▸ Work to be completed
The whole listing that follows, pictures excepted, should be printed again exactly as given.
[Input data Boundary: Start]
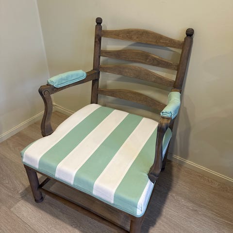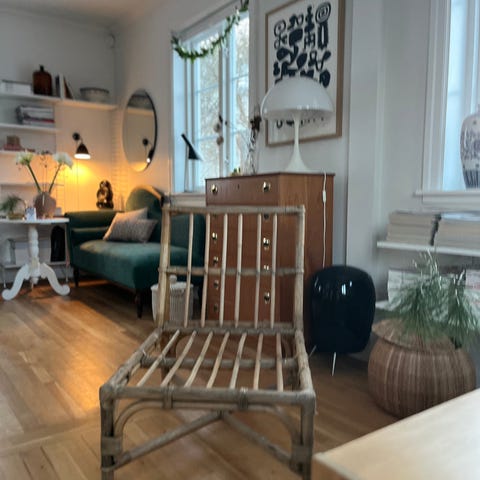 Stol i bambus, pent brukt, har stått i drivhus på sommeren, men oppbevart innendørs på vinteren.
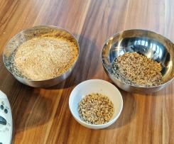 Haselnüsse herausnehmen, in eine Schüssel umfüllen und auskühlen lassen. - Butterkekse in der Mixtopf füllen und 10 Sek. /Stufe 5 vermengen.
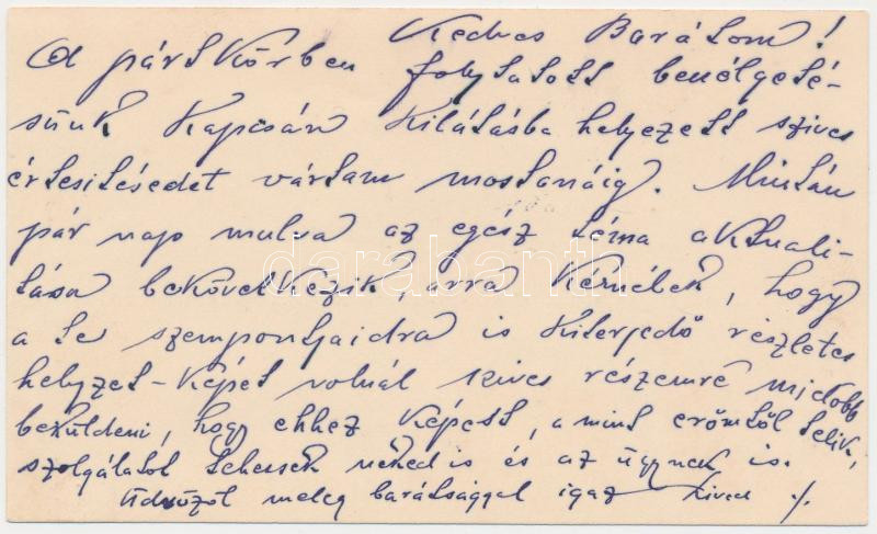 1917 Bp., Dr. Vadász Sándor újságíró, a "Politikai Híradó" kőnyomatos napilap szerkesztőjének saját kézzel írt üzenete barátjának
[Input data Boundary: End]
▸ Expected answer
 Stol i bambus, pent brukt, har stått i drivhus på sommeren, men oppbevart innendørs på vinteren.
 Haselnüsse herausnehmen, in eine Schüssel umfüllen und auskühlen lassen. - Butterkekse in der Mixtopf füllen und 10 Sek. /Stufe 5 vermengen.
 1917 Bp., Dr. Vadász Sándor újságíró, a "Politikai Híradó" kőnyomatos napilap szerkesztőjének saját kézzel írt üzenete barátjának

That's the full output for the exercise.